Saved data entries
________________________

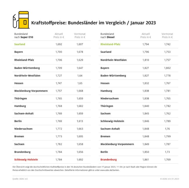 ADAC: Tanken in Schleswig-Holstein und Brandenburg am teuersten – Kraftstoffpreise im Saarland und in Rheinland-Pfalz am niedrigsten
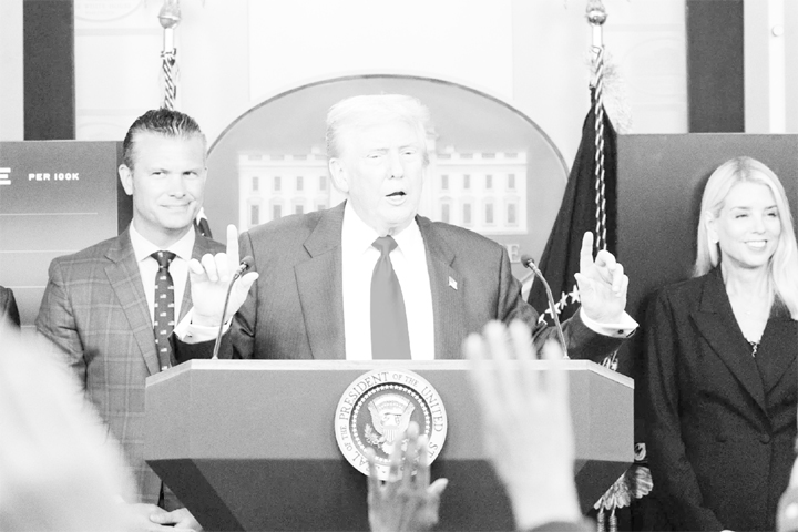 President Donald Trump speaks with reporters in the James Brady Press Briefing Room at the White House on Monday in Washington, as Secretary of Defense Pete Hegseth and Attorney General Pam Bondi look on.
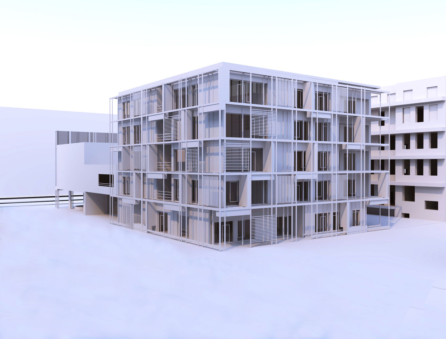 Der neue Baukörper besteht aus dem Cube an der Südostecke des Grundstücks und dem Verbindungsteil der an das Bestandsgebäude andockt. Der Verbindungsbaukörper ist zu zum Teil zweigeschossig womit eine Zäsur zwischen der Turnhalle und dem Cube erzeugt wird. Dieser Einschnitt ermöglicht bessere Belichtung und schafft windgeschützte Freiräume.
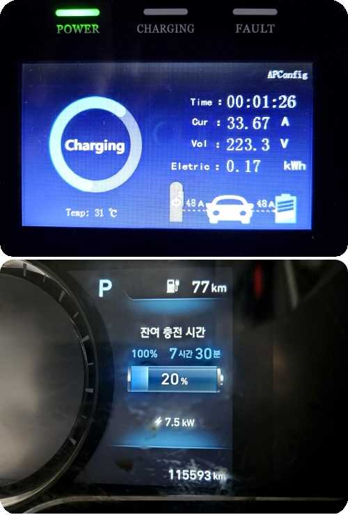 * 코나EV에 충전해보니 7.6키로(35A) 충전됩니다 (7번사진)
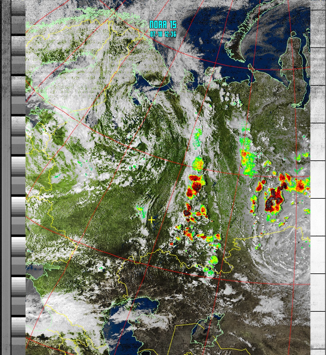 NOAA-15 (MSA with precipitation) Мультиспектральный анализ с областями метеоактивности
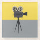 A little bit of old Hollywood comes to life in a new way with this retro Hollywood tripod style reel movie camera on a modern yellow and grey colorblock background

________________________

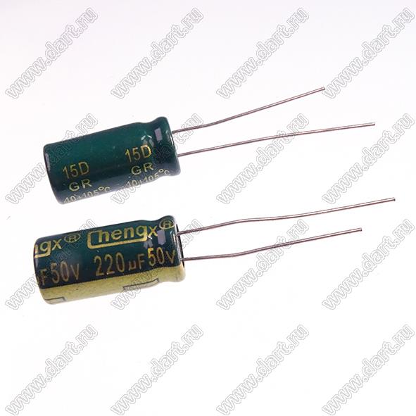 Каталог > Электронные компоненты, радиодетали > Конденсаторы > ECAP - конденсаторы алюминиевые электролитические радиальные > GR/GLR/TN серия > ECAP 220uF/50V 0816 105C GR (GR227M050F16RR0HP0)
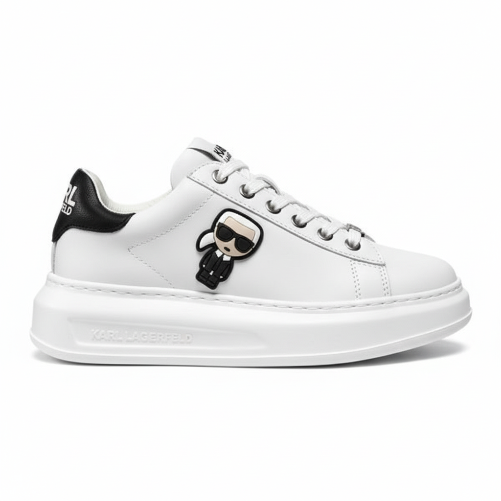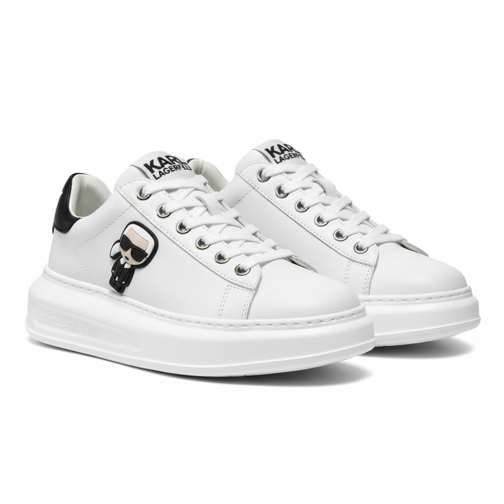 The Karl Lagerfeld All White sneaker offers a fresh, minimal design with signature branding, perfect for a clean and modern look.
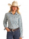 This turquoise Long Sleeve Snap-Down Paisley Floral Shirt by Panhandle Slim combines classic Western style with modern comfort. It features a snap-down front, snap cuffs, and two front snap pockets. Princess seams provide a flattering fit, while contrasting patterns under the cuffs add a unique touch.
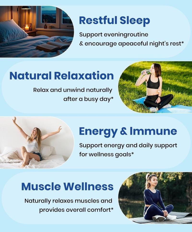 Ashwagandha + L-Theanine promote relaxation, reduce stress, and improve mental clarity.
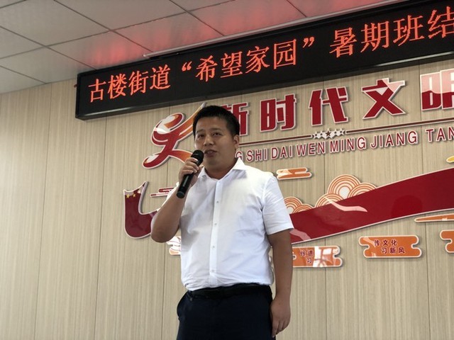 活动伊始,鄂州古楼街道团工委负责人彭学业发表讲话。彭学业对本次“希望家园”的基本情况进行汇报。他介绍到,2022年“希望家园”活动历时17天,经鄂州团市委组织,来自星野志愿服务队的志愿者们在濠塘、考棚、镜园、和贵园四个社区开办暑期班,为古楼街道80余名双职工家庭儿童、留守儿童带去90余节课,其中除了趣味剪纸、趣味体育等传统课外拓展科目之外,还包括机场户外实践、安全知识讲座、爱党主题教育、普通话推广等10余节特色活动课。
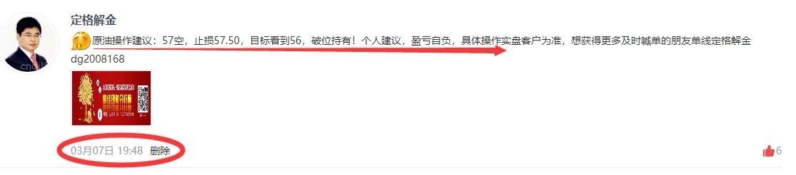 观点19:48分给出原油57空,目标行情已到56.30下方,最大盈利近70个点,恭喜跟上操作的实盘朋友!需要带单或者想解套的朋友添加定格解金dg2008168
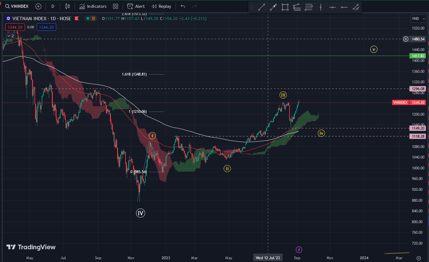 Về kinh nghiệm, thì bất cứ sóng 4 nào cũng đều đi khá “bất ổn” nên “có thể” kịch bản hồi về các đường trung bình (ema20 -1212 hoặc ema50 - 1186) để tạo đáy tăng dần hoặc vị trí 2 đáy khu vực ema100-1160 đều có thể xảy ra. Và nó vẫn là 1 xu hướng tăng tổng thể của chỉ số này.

________________________

▸ GOAL OF THE EXERCISE: In the entries above, find the line containing "观点19:48分给出原油57" and the line containing "Về kinh nghiệm, thì", then copy both and every line between them exactly, without any picture.

▸ OUTPUT BELOW:
 观点19:48分给出原油57空,目标行情已到56.30下方,最大盈利近70个点,恭喜跟上操作的实盘朋友!需要带单或者想解套的朋友添加定格解金dg2008168
 Về kinh nghiệm, thì bất cứ sóng 4 nào cũng đều đi khá “bất ổn” nên “có thể” kịch bản hồi về các đường trung bình (ema20 -1212 hoặc ema50 - 1186) để tạo đáy tăng dần hoặc vị trí 2 đáy khu vực ema100-1160 đều có thể xảy ra. Và nó vẫn là 1 xu hướng tăng tổng thể của chỉ số này.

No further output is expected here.